I've been trying to figure out how to do this question, and no matter what I do, I can't seem to the solution. Below is my working so far,

LHS =

= sec 2x + tan 2x = 1/cos2x + sin2x/cos2x = 1+sin2x/cos2x

I've tried double angle (albeit, most likely incorrectly, if I keep failing to reach a solution). I've also tried comp. angles etc.

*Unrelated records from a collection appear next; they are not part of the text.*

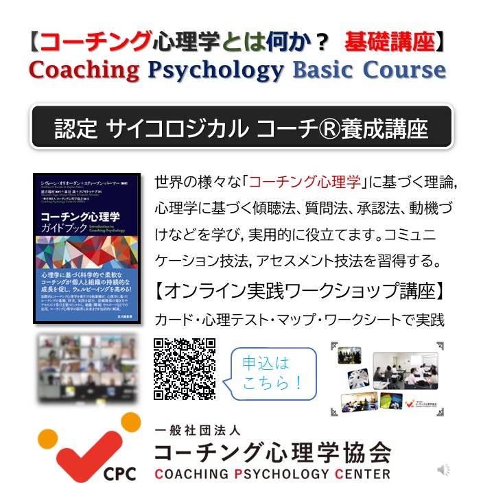 コーチングとコーチング心理学をわかりやすく紹介,実践的な内容を目指しています。*《NEW》資格認定+書籍(コーチング心理学ガイドブック)を割引で購入できるコースが新設されました。割引価格(1670円引き)で購入できます。【認定サイコロジカルコーチ(BASIC)養成講座】初心者・経験者歓迎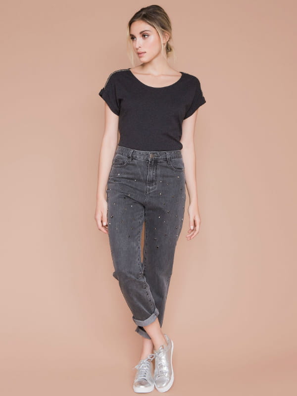 Pantalon slim 7/8ème en denim noir à clous décoratifs de Suncoo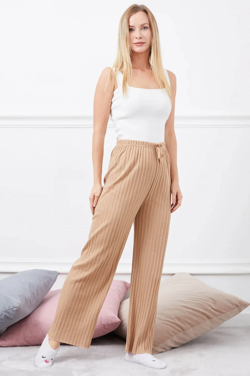 - Her mevsim rahatlıkla tercih edebileceğiniz pijama, tüm sezonlara uygun tasarımıyla dikkat çeker.; - Tekli paket içeriği sayesinde kolayca satın alınabilir ve hemen kullanmaya başlayabilirsiniz.; - 30 derecede yıkama talimatına uyarak pijamanızın uzun ömürlü olmasını sağlayabilirsiniz.; - İki iplik dokuma tipi ile dayanıklılığı artırılmış, yumuşak dokusuyla konfor sunar.; - Tüm yaş gruplarına hitap eden geniş beden skalasıyla herkes için idealdir.; - Kadın ve kız çocukları için özel olarak tasarlanmış bu pijama, şıklığı ve rahatlığı bir arada sunar.; - Yetişkinlerin de tercihi olan bu model, regular boy kesimiyle vücuda tam oturur.; - Normal bel yüksekliği sayesinde gün boyu rahat hareket etme olanağı tanır.; - Dokuma kumaşı kaliteyi hissettirirken aynı zamanda nefes alabilir yapısıyla konfor sağlar.; - Çizgili deseniyle modern ve dinamik bir görünüm kazandırırken, şerit detaylarıyla zarif bir dokunuş ekler.; - Homewear ortamında evde geçirilen zamanları daha keyifli hale getiren bu pijama, uzun paça boyu ve bol paça tasarımına sahiptir.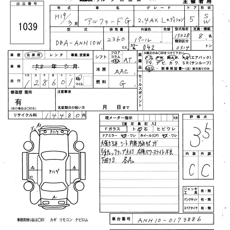 TOYOTA ALPHARD G - лот 1039
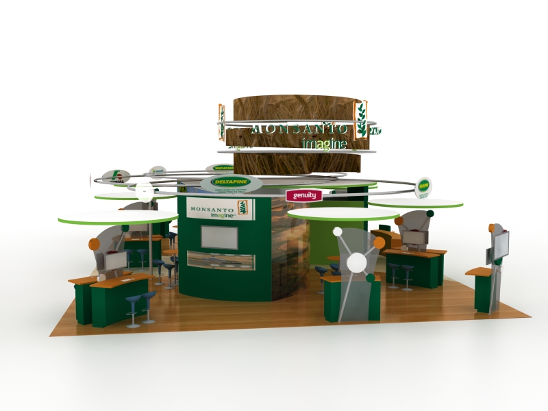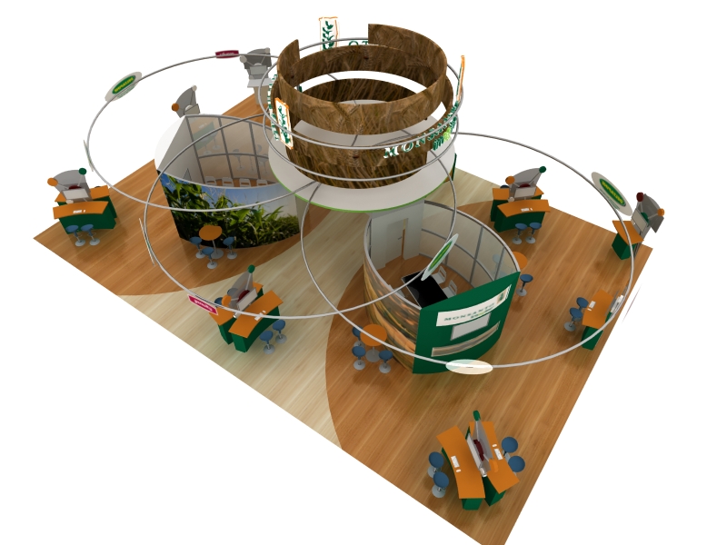 DM-1061 Trade Show Exhibit -- Image 1This is an ideal island display for any product or service. First, re-configuring your stunning island to inlines has never been easier. The DM-1061 is high impact island with practical workstations, monitor stands, and storage. Turn the 40 x 60 into a 20 ft. or 30 ft island using same components. Second, all the designs have ample floor space, making it easy to interact with clients. The large format graphics ensure you'll be seen in whatever configuration you choose.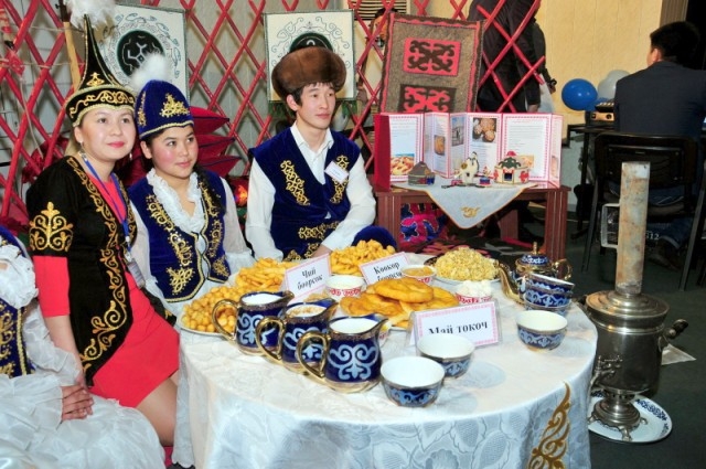 Девушки украсили свои творения, выложили в виде горки, некоторые представили кулинарные композиции в виде юрты. Не еда, а сплошное загляденье. К участию в конкурсе претенденты на победу подошли очень серьезно, они искусно сервировали стол в национальном стиле и надели лучшую одежду. Зрителей любезно угощали чаем.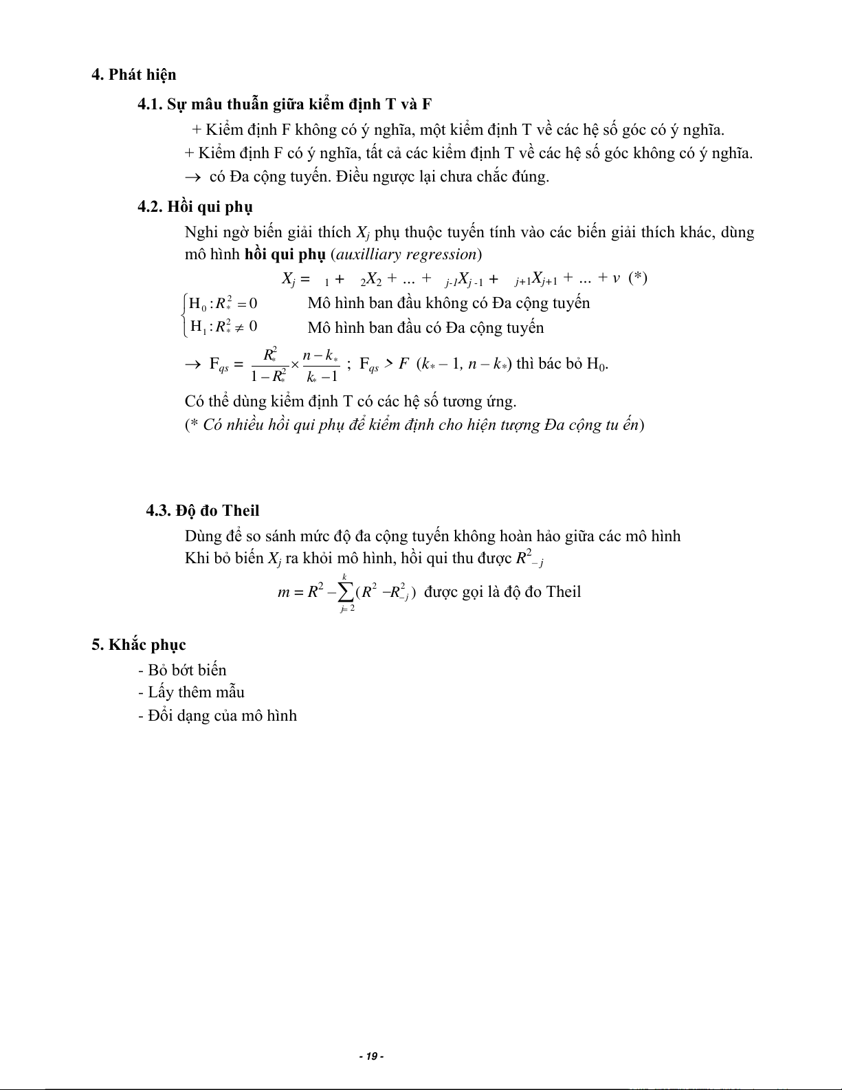 - Kiểm định T và F không thống nhất. - 18 - 4. Phát hiện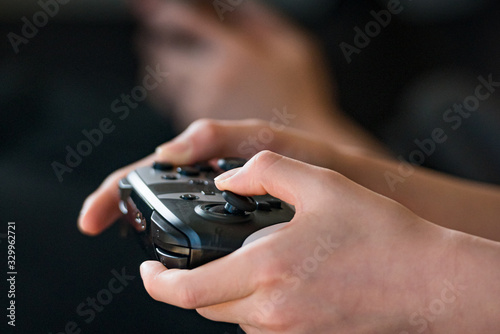 ゲームをする子供の手元 / ゲーム依存症のイメージ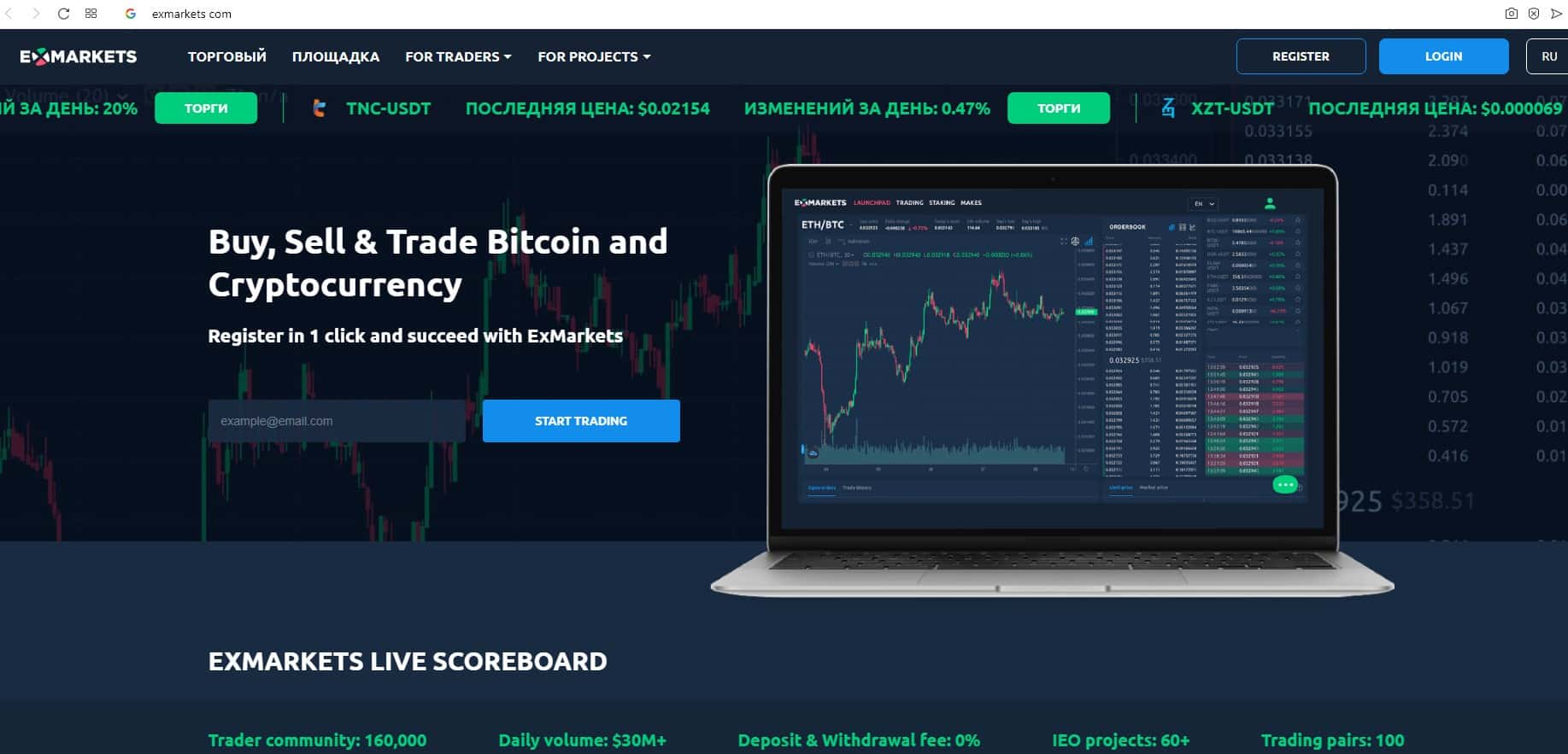 Обманщики EXMarkets предлагают покупать и продавать криптовалюту на своем дырявом сайте, вкладывать свои денежные средства на сайте шулеров не рекомендуем !!!

Any help would be greatly appreciated!

Answer 1

The left-hand side can be written as $$\frac{1+\sin(2x)}{\cos(2x)}$$ the right-hand side as $$\frac{\sin(x)+\cos(x)}{\cos(x)-\sin(x)}$$ multiply numerator and denominator of the last term by $$\sin(x)+\cos(x)$$

Answer 2

We expand the RHS to get $$\frac{\tan x + \tan \frac{\pi}{4}}{1 - \tan x \tan \frac{\pi}{4}} = \frac{\tan x + 1}{1 - \tan x} = \frac{\frac{\sin x}{\cos x}+1}{1 - \frac{\sin x}{\cos x}} = \frac{\cos x + \sin x}{\cos x - \sin x},$$ and we now multiply top and bottom by $\cos x + \sin x$ to obtain $$\frac{\cos^2 x + \sin^2 x + 2 \sin x \cos x}{\cos^2 x - \sin^2 x} = \frac{1+2 \sin x \cos x}{\cos^2 x - \sin^2 x}=\frac{1+\sin 2x}{\cos 2x},$$ as required.

Answer 3

Hint:

Set $t=\tan x$ and use the double-angle formulæ (the first one is valid for $x\not\equiv \pm\frac\pi 4\bmod\pi$): $$\tan 2x=\frac{2t}{1-t^2},\qquad \cos 2x=\frac{1-t^2}{1+t^2}.$$

Answer 4

Hint: set $x+\pi/4=y$, so the left-hand side becomes $$ \frac{1+\sin(2y-\pi/2)}{\cos(2y-\pi/2)}=\frac{1-\cos2y}{\sin2y} $$ Now use the duplication formulas…